Cloud Operations Engineer - Observability
Description
Join us as we pursue our ground-breaking vision to make machine data accessible, usable, and valuable to everyone. We are a company filled with people who are passionate about our product and seek to deliver the best experience for our customers. At Splunk, we are committed to our work, customers, having fun, and most significantly to each other’s success.
The Splunk Observability Cloud provides full-fidelity monitoring and fixing across infrastructure, applications, and user interfaces, in real-time and at any scale, to help our customers keep their services reliable, innovate faster, and deliver great customer experiences.
Role
You will help us run one of the largest and most sophisticated cloud-scale, bigdata, and microservices platforms in the world. You will be responsible to monitor and resolve issues that affect the availability and performance of critical components of Splunk Observability Cloud. You will use your Kubernetes, cloud, and infrastructure-as-code knowledge to enhance Splunk Observability Cloud infrastructure while reducing its operational costs.
As such you will be providing on-call support & incident management for our customers. To ensure coverage, you will work a 40 hour Mon-Fri week and be available for production support on a rotating basis on either a Saturday or/& Sunday. The flexible rotating roster is intended to balance employee well-being and business requirements to ensure customer expectations are met.
Responsibilities:
- Respond to monitoring alerts according to defined playbooks and procedures.
- Enhance playbooks and procedures to reduce on-call toil.
- Participate in Post Incident Reviews and discussions.
- Ensure stability and performance of production environments.
- Deploy software to production environments.
- Build effective working relationships with cross-functional team members
- Make suggestions for process improvements and enhance operational efficiencies.
- Implement various process improvements and operational efficiencies.
Qualifications:
- 5+ years related experience in Cloud Operations.
- You have experience with Cloud Computing Platforms, such as AWS and GCP.
- You have experience with Kubernetes and Docker.
- You have experience with one or more scripting languages, such as Python, Bash, etc.
- You have 2+ years in incident response and major incident management.
- You enjoy problem-solving and analyzing global-scale distributed systems.
- You are collaborative with strong interpersonal and communication skills, both verbal and written.
- You remain calm and collected in stressful situations, such as a major service outage.

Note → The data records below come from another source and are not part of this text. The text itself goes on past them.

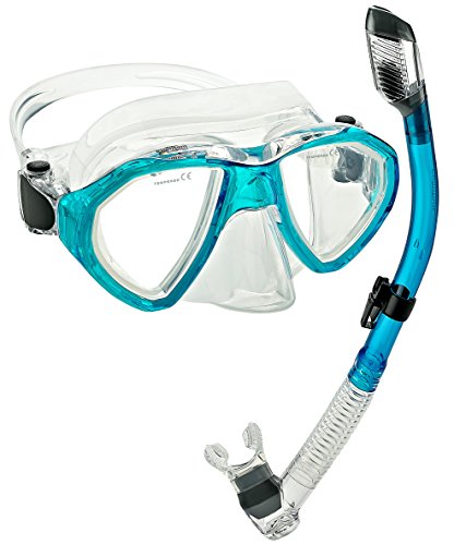 The Phantom Aquatics Lotus/Dry Snorkeling Combo has everything you need for an underwater adventure. This great set includes the Lotus Mask and Dry Snorkel, and is ideal for free diving, snorkeling and scuba diving. The Lotus Mask features tempered glass lenses, a durable silicone skirt and low volume that helps increase your field of vision in the water. The Dry Snorkel has an anti-splash end with a special valve that seals the tube as you dive. Lotus Mask: Tempered glass lenses High-quality silicone skirt Low volume helps increase field of vision Mask adapts to most faces Efficient Adjusting Low Profile Buckle System Double Feathered Edge 100% Hypoallergenic Soft Silicone Skirt Dry Snorkel: High Flow Purge Valve for Easy Clearing Special Valve that Seals the Tube as You Dive Patented Detachable Swivel Adapter Snorkel Keeper Angled, Contoured-shaped, Ergonomic Snorkel Mouthpiece.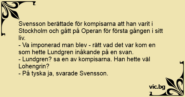 Svensson berättade för kompisarna att han varit i Stockholm och gått på Operan för första gången i sitt liv.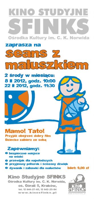 Podczas cyklu SEANS Z MALUSZKIEM proponujemy wspólne, dopołudniowe projekcje dobrych filmów, na które zapraszamy rodziców wraz z dziećmi gwarantujšc szczególnie dobrany repertuar (kino o wysokich walorach zdjęciowych i muzycznych, bez scen przemocy), zaplecze organizacyjne przyjazne rodzicom (przewijak dla najmłodszych, bezpieczne miejsce na wózki oraz możliwoć pozostawienia dzieci w wieku 1.5 - 4 lat pod opiekš w pomieszczeniach obok kina) a także przyjemny półmrok na sali kinowej i ciszony dwięk dla tych rodziców, którzy zechcš oglšdnšć film w towarzystwie swojej pociechy. Spotkania odbywajš się w Kinie Sfinks dwa razy w miesišcu, w godzinach dopołudniowych.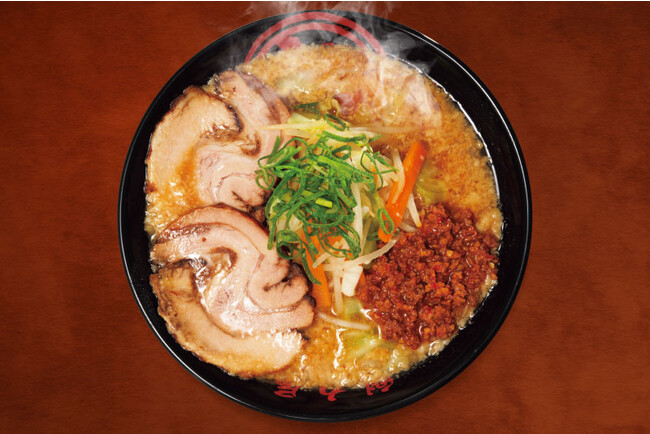 また食べ応え抜群の豚バラチャーシューとピリ辛肉ミンチの旨味が溶け出した濃厚スープが専用のちぢれ麺に絡みつき、更に食欲を掻き立てます!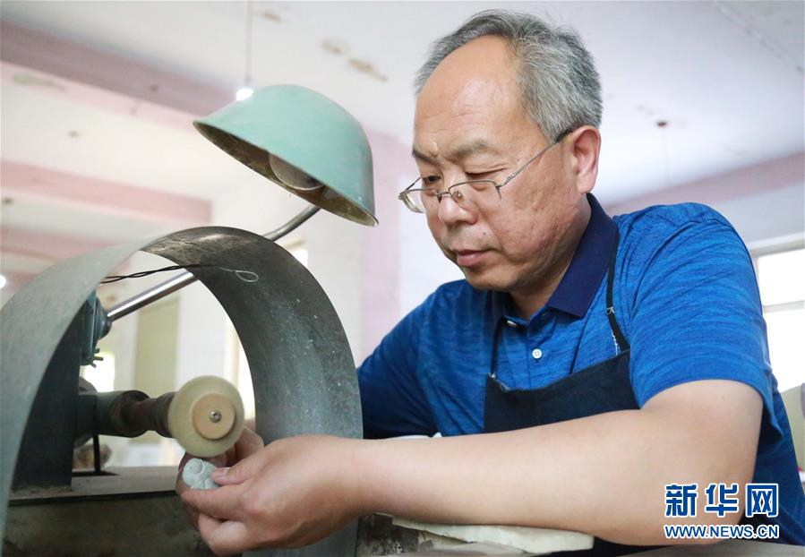 经过近30年的学习积淀,李永增对玉雕工艺有了更深的理解。 李永增说:“中国传统玉雕艺术,既需要传承,也需要加以扩展和创新。”由于技艺精湛,李永增在各类工艺品雕刻比赛中多次获奖。 新华社发(张驰 摄)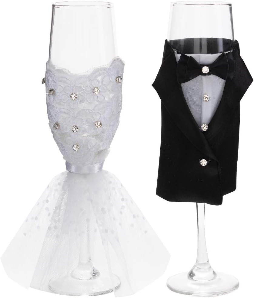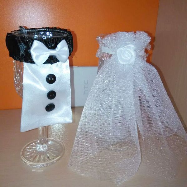 2 Pcs Lot Wedding Decorations Bride And Groom Dress Wine Glass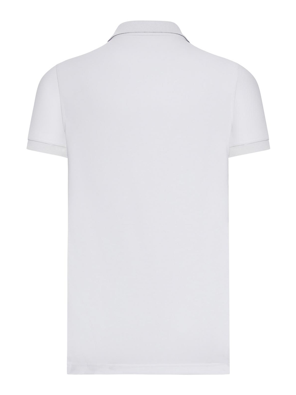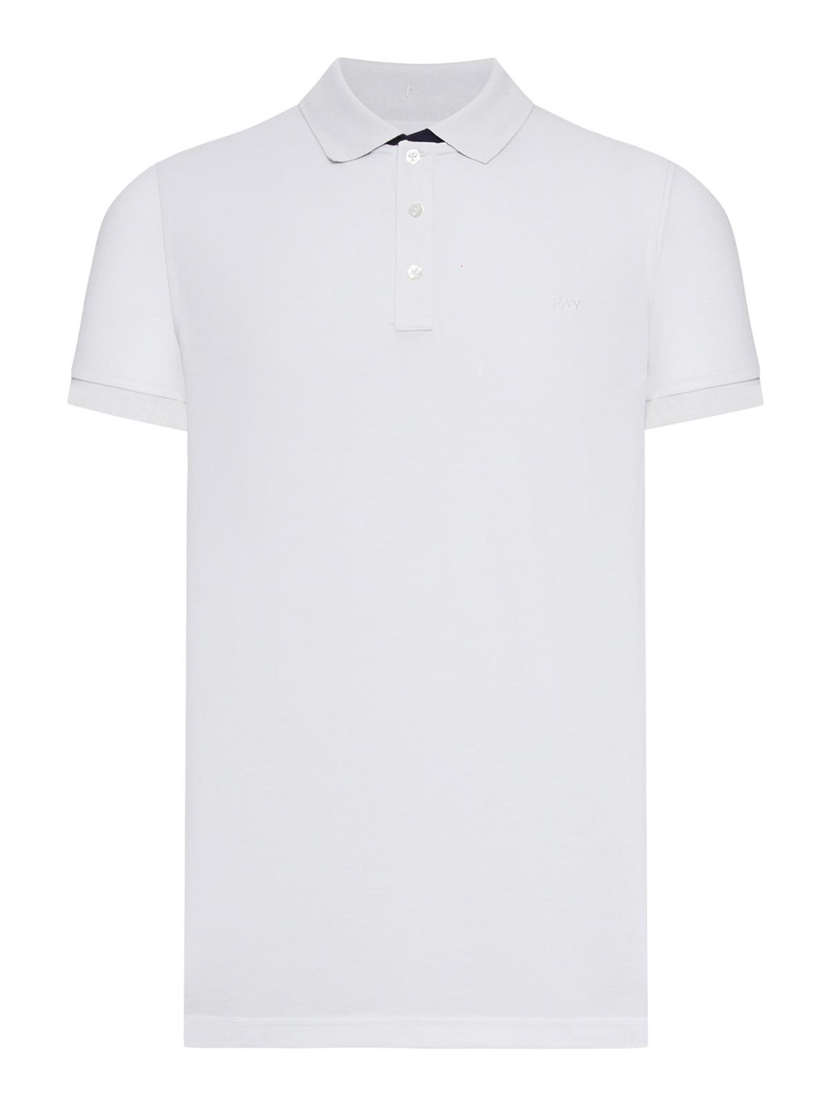 クラシックカラー、襟にコントラストインサート、部分的にフロントボタン留め、半袖、トーン・オン・トーンのロゴ刺繍、ストレートヘム、レギュラーフィット、カラー:ホワイト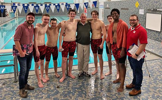 MELROSE—The Melrose Red Raider swim team had plenty of reason to celebrate on Thursday, January 23 when they hosted Senior Night at the Melrose YMCA and then swam to their first victory of the season in a 51-43 win over Wakefield/Lynnfield.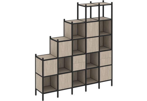 Стеллаж прямой вариант 2 Европа, цвет тиквуд светлый + черный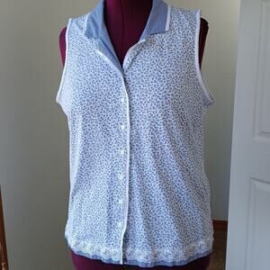 Celestial Dreams Blue Floral Gingham Tank Top XL REPAIRED cottage lace comfy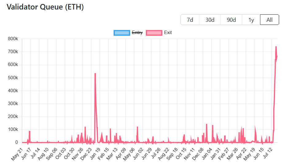 Перший попереджувальний сигнал полягає в тому, що понад 700 000 ETH наразі знаходяться у черзі на відстейкінг, що є найвищим рівнем за чотири роки, згідно з даними ValidatorQueue.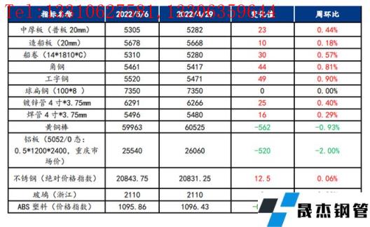 截止2022年5月6日,各原材料当日即时价格以及价格周环比情况如下: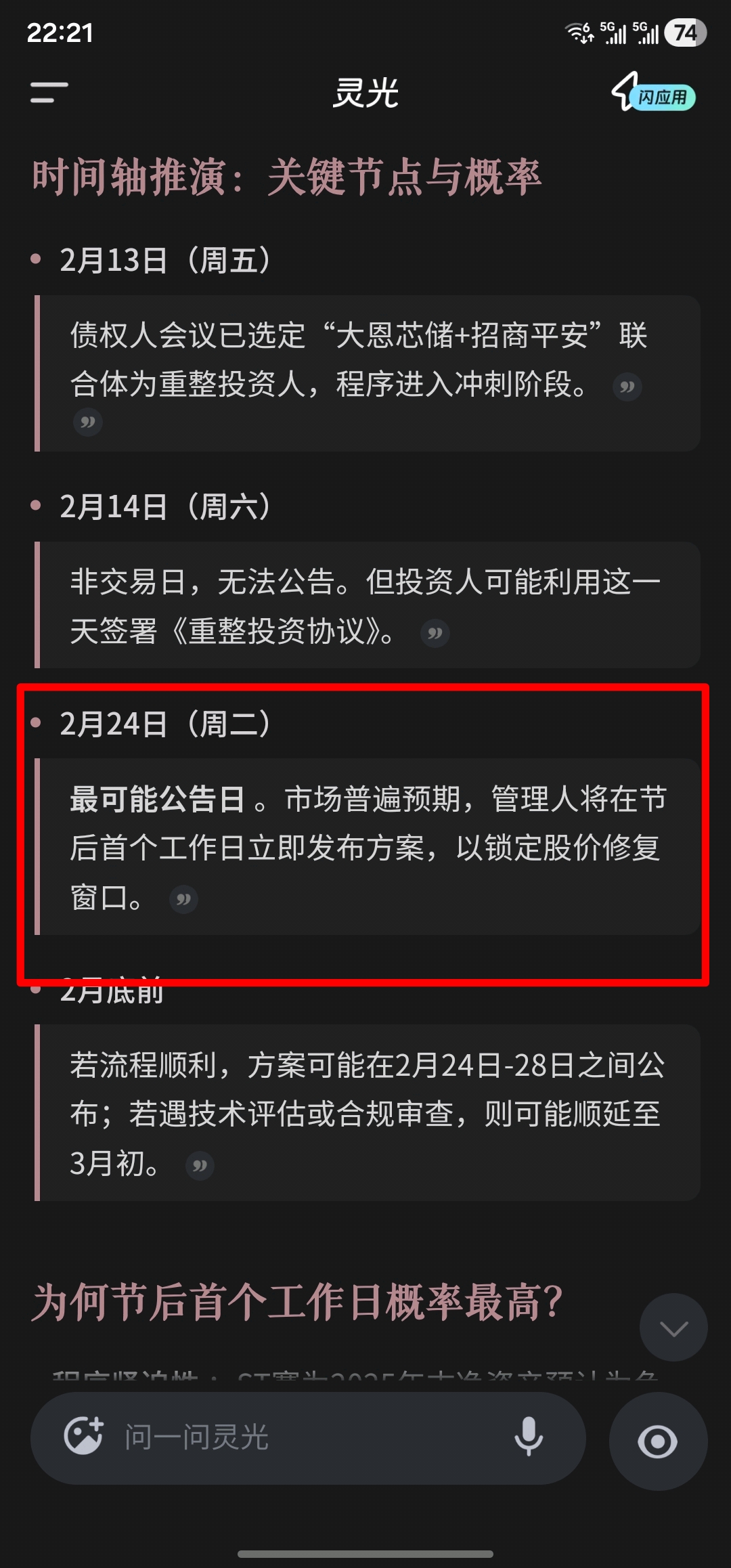 节后第一个工作日发布重整方案概率很大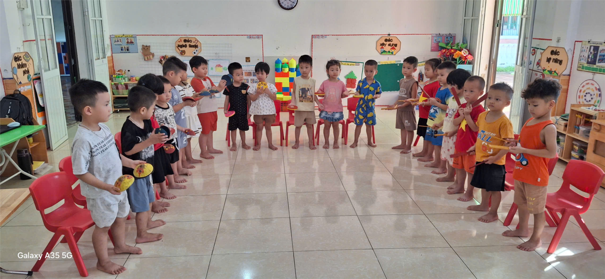 Ngoài vỗ tay theo tiết tấu chậm, trẻ còn được làm quen và sử dụng một số dụng cụ âm nhạc đơn giản như sắc xô, phách tre, mõ dừa… Việc kết hợp dụng cụ giúp trẻ thêm hứng thú, tạo âm thanh sinh động và phong phú hơn cho bài hát. Qua đó, các con học được cách sử dụng nhạc cụ đúng lúc, đúng nhịp, biết phối hợp nhịp nhàng giữa hát – vận động – chơi nhạc cụ. Hoạt động này không chỉ nuôi dưỡng khả năng cảm thụ âm nhạc, mà còn rèn cho trẻ sự khéo léo, tính tập trung và tinh thần hợp tác trong nhóm.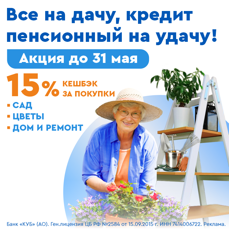 Открываем сезон выгодных кредитов! При оформлении кредита «КУБ-Пенсионный» вы получите в подарок 15% кешбэка за покупки для дачи!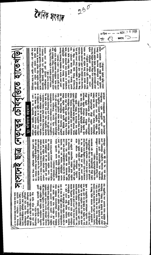 সংসদেই ছাত্র নেতৃত্বের চৌর্যবৃত্তিতে হাতেখড়ি Published on Newspaper দৈনিক সংবাদ Category Personal Opinion / Discussion / Commentary Personal Speech / Discussion / Comentary Secondary and Higher Secondary Education Download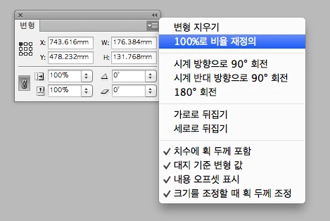 인디자인에서 텍스트박스를 작고 사이즈를 늘렸는데 폰트 크기 표시되는 란에 7pt(14) 이런형식으로 표기가 됩니다.. 여기서 7pt는 키우기전 사이즈이고 괄호안의 14가 늘리고난후 사이즈인데 이형식을 풀고 현재 포인트인 14pt만 표기되게 보는 방법이 어떻게 되나요...?

- You demonstrate attention to detail, follow-through, and the ability to prioritize quickly.
- You demonstrate good judgment on when to solve problems individually and when to involve others.
- Experience in Infrastructure-as-code - Terraform, Helm, YAML.
Nice to have:
- Experience handling SaaS applications for a large customer base.
- Experience with CI/CD frameworks and Pipeline-as-Code such as Jenkins, Gitlab, Artifactory, etc.
- Familiarity with microservices fundamentals including Service Mesh using Istio, service discovery, deployment strategies, monitoring, scheduling, and load balancing.
We are an equal-opportunity employer and value diversity at our company. We do not discriminate on the basis of race, religion, color, national origin, gender, sexual orientation, age, marital status, veteran status, or disability status.
We value diversity at our company. All qualified applicants will receive consideration for employment without regard to race, color, religion, sex, sexual orientation, gender identity, national origin, or any other applicable legally protected characteristics in the location in which the candidate is applying.
Note:
Thank you for your interest in Splunk!